Fuzzy Scan Method to Detect Clusters

The classical temporal scan statistic is often used to identify disease clusters. In recent years, this method has become as a very popular technique and its field of application has been notably increased. Many bioinformatic problems have been solved with this technique. In this paper a new scan fuzzy method is proposed. The behaviors of classic and fuzzy scan techniques are studied with simulated data. ROC curves are calculated, being demonstrated the superiority of the fuzzy scan technique.

Clustering Multivariate Empiric Characteristic Functions for Multi-Class SVM Classification

A dissimilarity measure between the empiric characteristic functions of the subsamples associated to the different classes in a multivariate data set is proposed. This measure can be efficiently computed, and it depends on all the cases of each class. It may be used to find groups of similar classes, which could be joined for further analysis, or it could be employed to perform an agglomerative hierarchical cluster analysis of the set of classes. The final tree can serve to build a family of binary classification models, offering an alternative approach to the multi-class SVM problem. We have tested this dendrogram based SVM approach with the oneagainst- one SVM approach over four publicly available data sets, three of them being microarray data. Both performances have been found equivalent, but the first solution requires a smaller number of binary SVM models.

Objective Assessment of Psoriasis Lesion Thickness for PASI Scoring using 3D Digital Imaging

Psoriasis is a chronic inflammatory skin condition which affects 2-3% of population around the world. Psoriasis Area and Severity Index (PASI) is a gold standard to assess psoriasis severity as well as the treatment efficacy. Although a gold standard, PASI is rarely used because it is tedious and complex. In practice, PASI score is determined subjectively by dermatologists, therefore inter and intra variations of assessment are possible to happen even among expert dermatologists. This research develops an algorithm to assess psoriasis lesion for PASI scoring objectively. Focus of this research is thickness assessment as one of PASI four parameters beside area, erythema and scaliness. Psoriasis lesion thickness is measured by averaging the total elevation from lesion base to lesion surface. Thickness values of 122 3D images taken from 39 patients are grouped into 4 PASI thickness score using K-means clustering. Validation on lesion base construction is performed using twelve body curvature models and show good result with coefficient of determinant (R2) is equal to 1.

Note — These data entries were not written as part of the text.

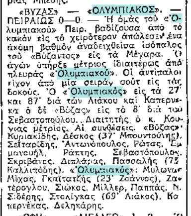 | ΒΥΖΑΝΤΑΣ ΜΕΓΑΡΩΝ – ΟΛΥΜΠΙΑΚΟΣ 0-0 |
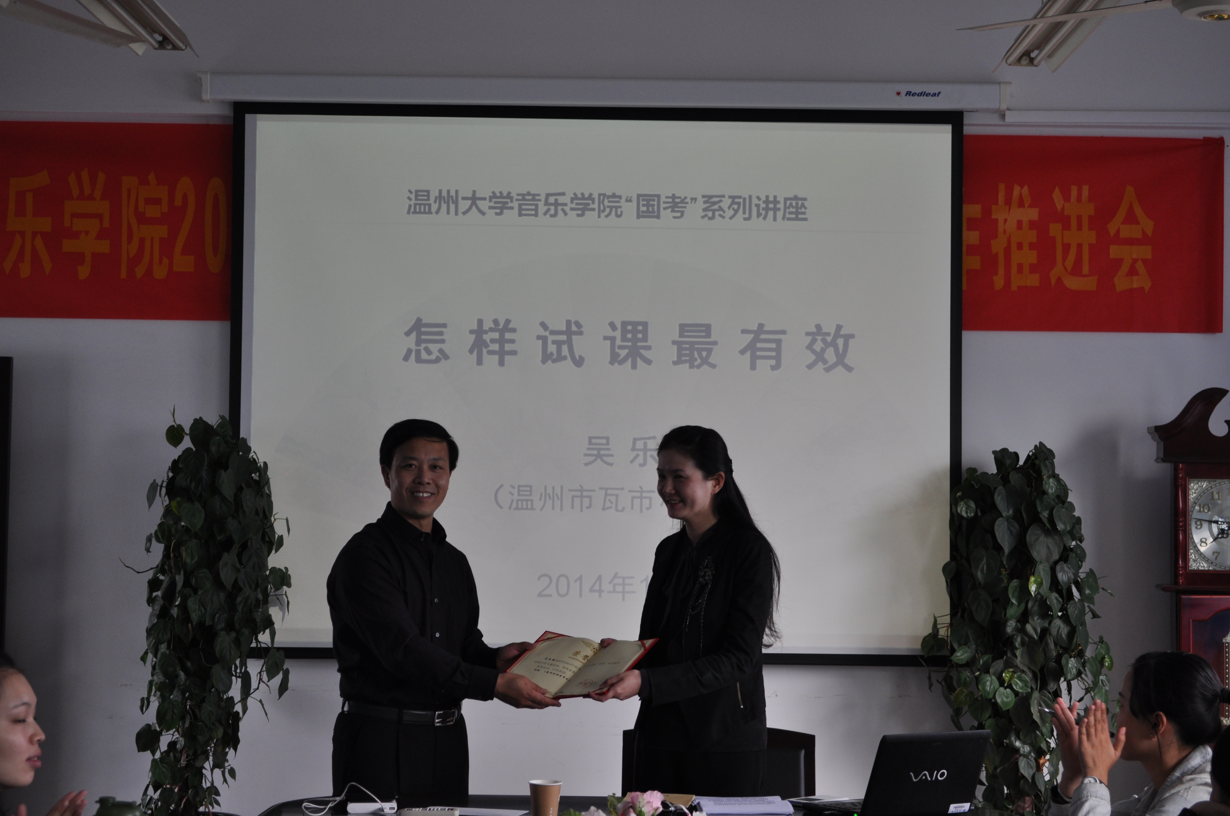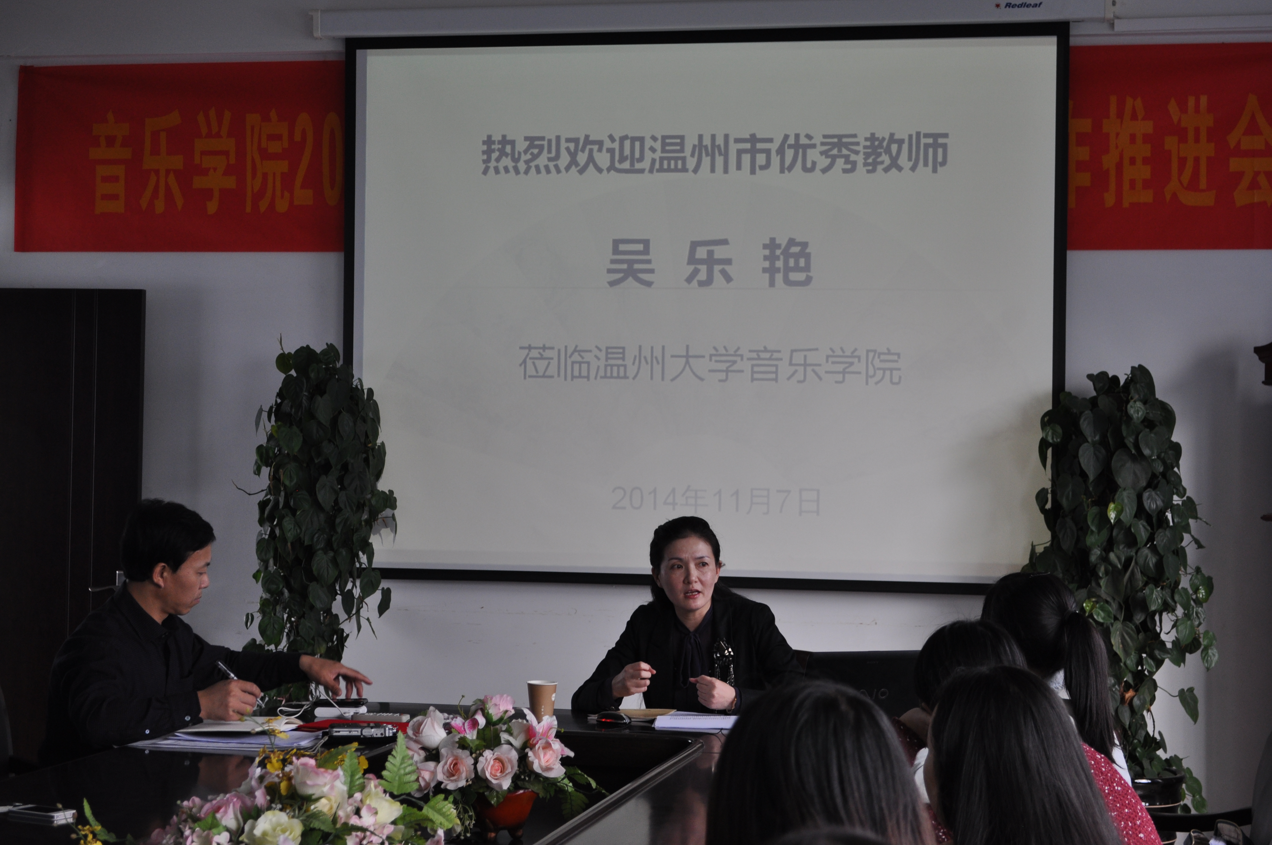 2014年11月7日下午,温州市优秀教师、教坛新秀,瓦市小学音乐教师吴乐艳莅临色情视频 ,指点学生“试课”的有效途径。色情视频 教学督导王守琢老师与色情视频 的同学们一起参与了交流。该活动由王文韬副院长主持。 吴乐艳老师就学生“国考”、“考编”之音乐教师国家资格考试过程中的试课环节,给予音乐学、音乐表演专业的学生有益指导。她建议应考的同学,一定要熟悉现行的各个版本的音乐教材,同时要打好“自弹自唱”的技术难关。
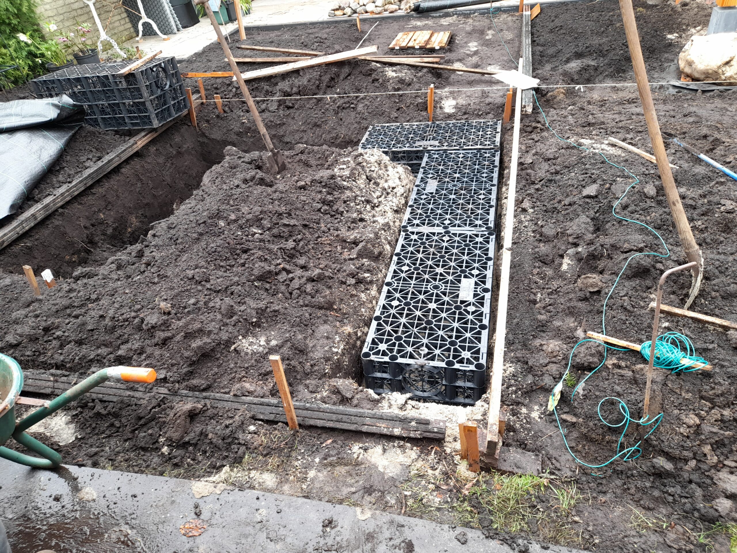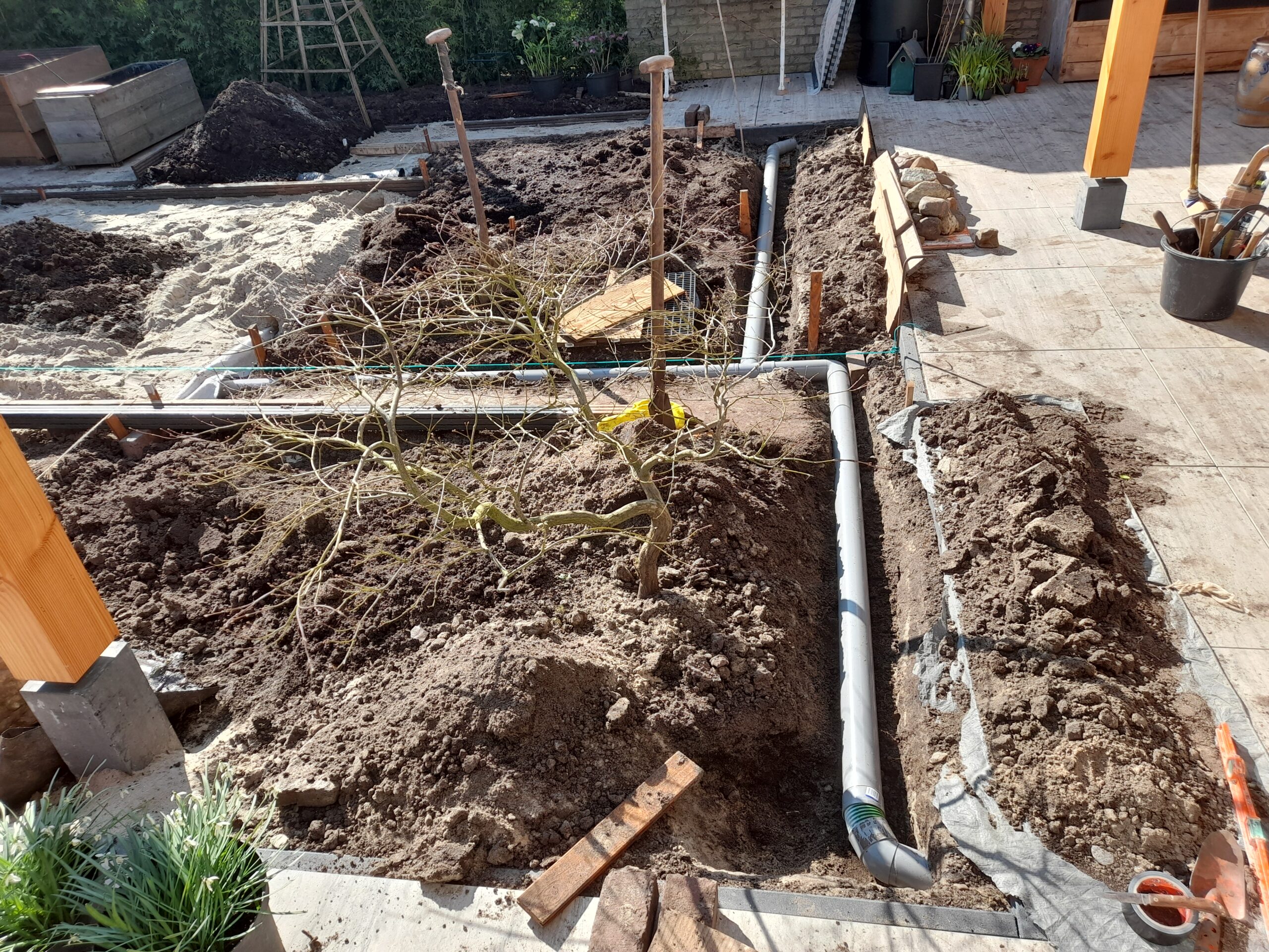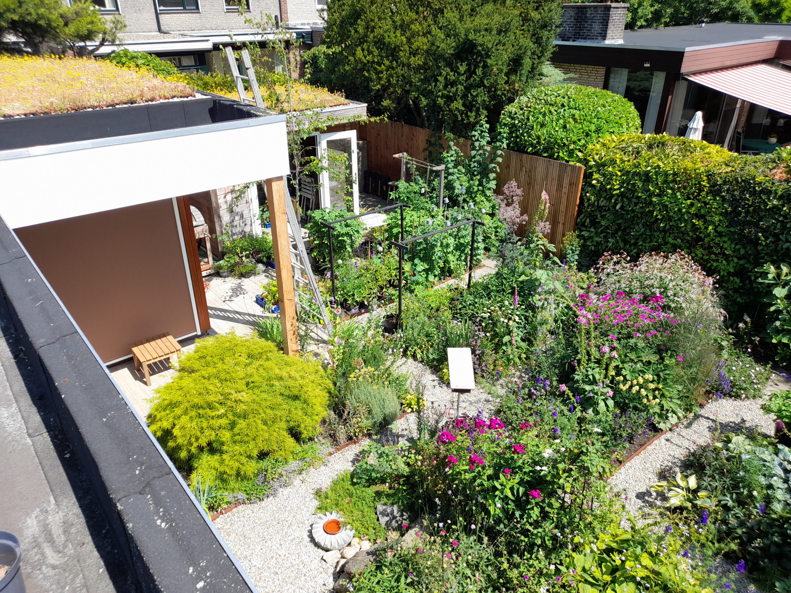 Tuin met hergebruik aanwezige tegels, wateropvang, infiltratiekratten, moestuin, veel vogels, insecten, vlinders.
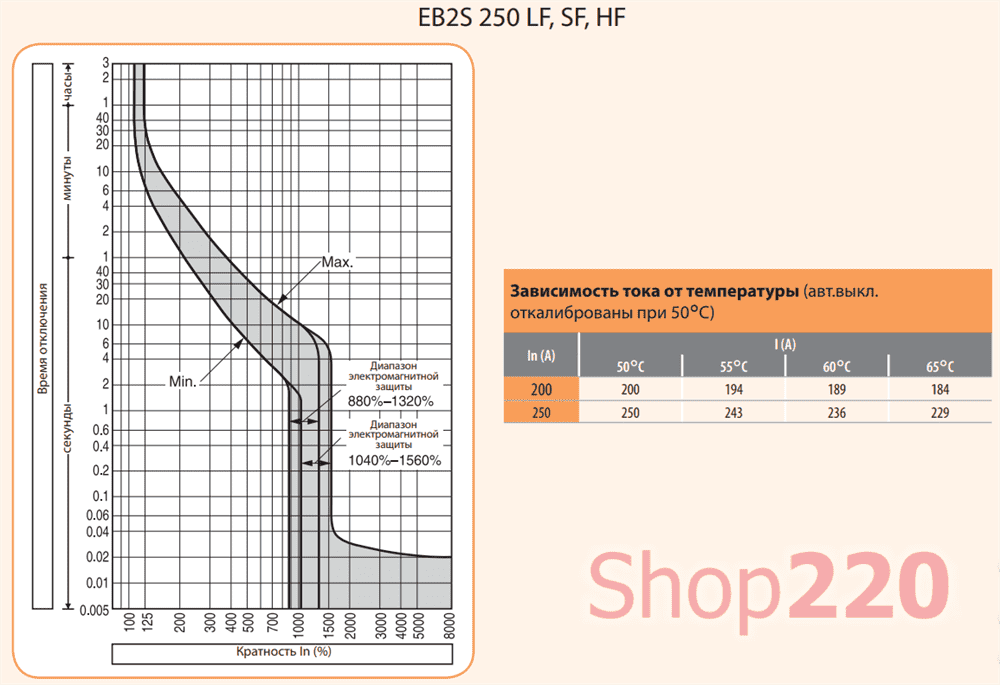 Промышленный автомат 250А ETI серии ETIBREAK используется для защиты от перегрузки и КЗ силовых кабелей, линий, мощных электродвигателей и других потребителей э/э. Он фиксированный тепловой и электромагнитный расцепители. В корпус автомата возможна установка дополнительных контактов, независимого расцепителя или расцепителя минимального напряжения.
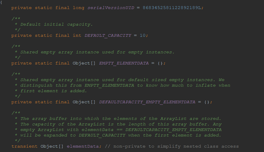 从ArrayList定义的一些属性可以看出默认容量是10,
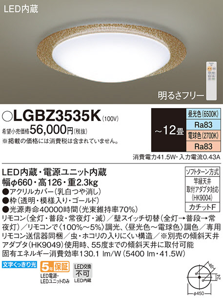 Panasonic ¥·¡¼¥ê¥ó¥°¥é¥¤¥È LGBZ3535K
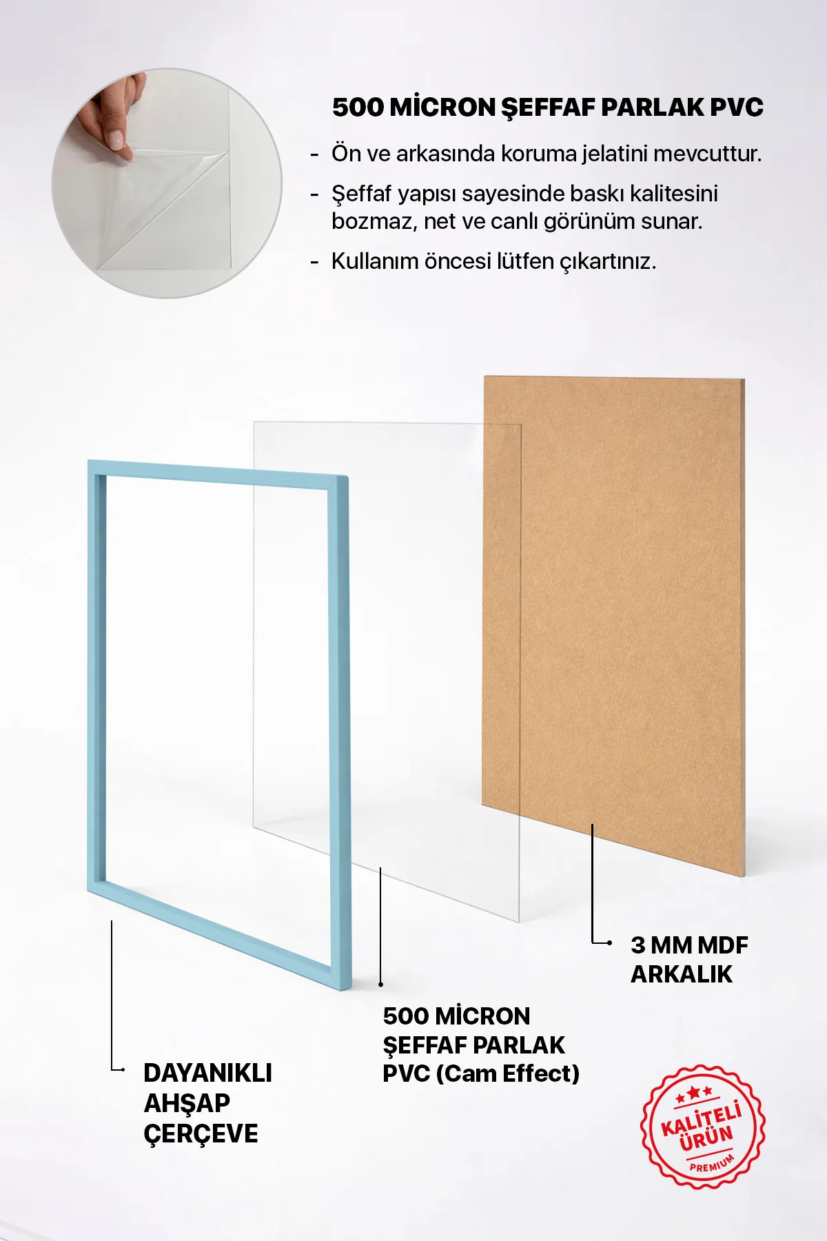 Koruma: 500 mikron kalınlığında iki taraflı koruma jelatinli şeffaf PVC

Clustering Methods Applied to the Tracking of user Traces Interacting with an e-Learning System

Many research works are carried out on the analysis of traces in a digital learning environment. These studies produce large volumes of usage tracks from the various actions performed by a user. However, to exploit these data, compare and improve performance, several issues are raised. To remedy this, several works deal with this problem seen recently. This research studied a series of questions about format and description of the data to be shared. Our goal is to share thoughts on these issues by presenting our experience in the analysis of trace-based log files, comparing several approaches used in automatic classification applied to e-learning platforms. Finally, the obtained results are discussed.

A Strategy to Optimize the SPC Scheme for Mass Production of HDD Arm with ClusteringTechnique and Three-Way Control Chart

Consider a mass production of HDD arms where hundreds of CNC machines are used to manufacturer the HDD arms. According to an overwhelming number of machines and models of arm, construction of separate control chart for monitoring each HDD arm model by each machine is not feasible. This research proposed a strategy to optimize the SPC management on shop floor. The procedure started from identifying the clusters of the machine with similar manufacturing performance using clustering technique. The three way control chart ( I - MR - R ) is then applied to each clustered group of machine. This proposed research has advantageous to the manufacturer in terms of not only better performance of the SPC but also the quality management paradigm.